How do NeRFs work?
Neural radiance fields or NeRFs have become a wildly popular area of research. They may very well be the future of computer graphics, holding the promise of real time photo realism. But what are NeRFs and how do they work? To understand this we first need to understand the basics of computer graphics.
Basic Computer Graphics
How do we represent a camera?
In computer graphics we represent a cameras position and orientation (rotation) in 3D space by 4 vectors, a position vector, a direction vector (indicating the direction the camera is looking), a right vector and a up vector. These vectors make up a frame of reference that for the camera space which we is typically called view space, while frame of reference defined by X,Y,Z axis is the world space.
If we want to transform any given point in the world space to view space we can multiply by our view matrix, consisting of our camera space unit vectors and camera position vector.
In a typical computer graphics engine, several other frames of reference are used:
- Local space / object space, one for each object in the scene.
- World space, where the origin is at the center of the scene.

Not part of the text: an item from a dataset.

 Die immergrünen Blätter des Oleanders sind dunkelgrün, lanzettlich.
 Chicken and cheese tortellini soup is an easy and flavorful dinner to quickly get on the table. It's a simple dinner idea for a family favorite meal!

- View space / camera space
- Clip space, where the camera frustum has been transformed to a [-1;1] cuboid.
- Screen space
If computer graphics is new to you, I found this demo helpful in building my understanding.
https://www.realtimerendering.com/udacity/transforms.html
With a basic understanding of camera representation and the different reference frames we can delve deeper into the NeRF pipeline.

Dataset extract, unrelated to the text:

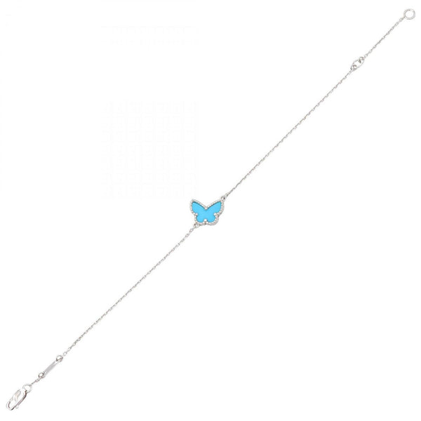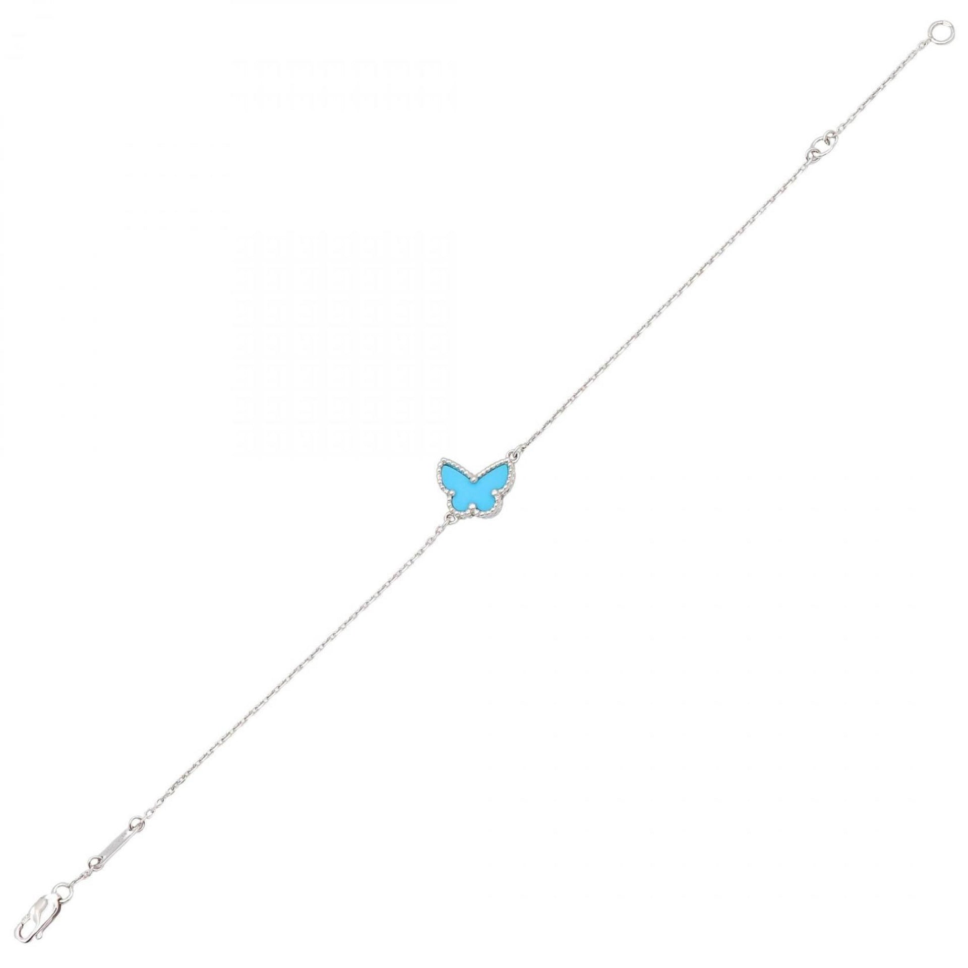 Van Cleef & Arpels Sweet Papillon Turquoise Bracelet, 18K White Gold, Turquoise, Women\'s, Blue, Silver

The key idea with NeRFs is to make neural network learn a scene specific function that for every point (x,y,z) and a view direction (theta,phi) will give us a density and RGB color value.
The figure above visualizes the whole NeRF procedure. It consists of the following steps.

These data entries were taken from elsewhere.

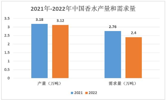 图表:2021年-2022年中国香水产量和需求量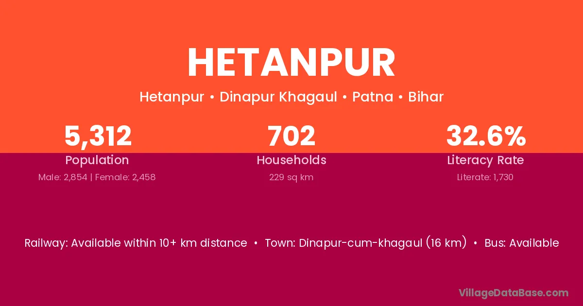 Samastripur (40 km) is the nearest town to Hetanpur village for major economic activities and is located approximately 40 km away.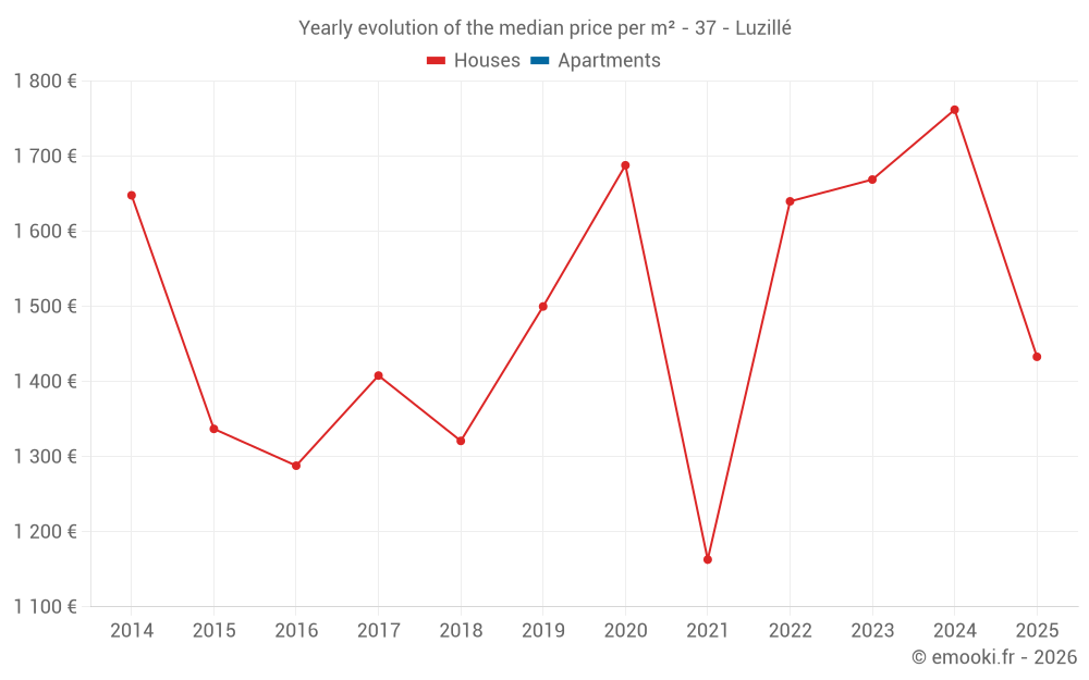 The median price on the 22 house transactions of the last 24 months in the municipality of Luzillé was 1 653 € per square meter for a median property value of 169 202 €. Over this period, 60% of transactions were between 1 237 and 2 334 € per square meter (from the 2nd to the 8th deciles).

- Construct a grid of pixels in screen space at camera position
- Shoot rays out of each pixel position in camera direction.
- Sample points along each ray and query neural network for density and color values.
- Aggregate color values for all points along rays and get RGB pixel values for image.
- Compute MSE loss by comparing predicted image with GT.
This aggregation function is quite complicated and I will not get into it here, please check out the original paper for more details.
In order to better understand these concepts I implemented a very basic version of NeRF.
After just a few minutes of training we can generate some very grainy novel views. Moving the Camera around the path of a circle gives us these novel views.
The code can be found here:
Rapid Progress toward real time photo realism
There is so much incredible work being done in this space, and the pace of progress is absolutely mind-boggling.
The original NeRF paper by Mildenhall et al was published in 2 years ago. It required 12 hours + training time and rendered images at 0.033 fps on a nvidia V100. Less than 2 years later Müller et al. and NVIDIA released Instant Neural Graphics primitives, were they train NeRFs in SECONDS and render novel views in real-time > 60fps on comparable hardware.
Check out their project page here.
And it seems like the rate of progress is only accelerating, hold on tight!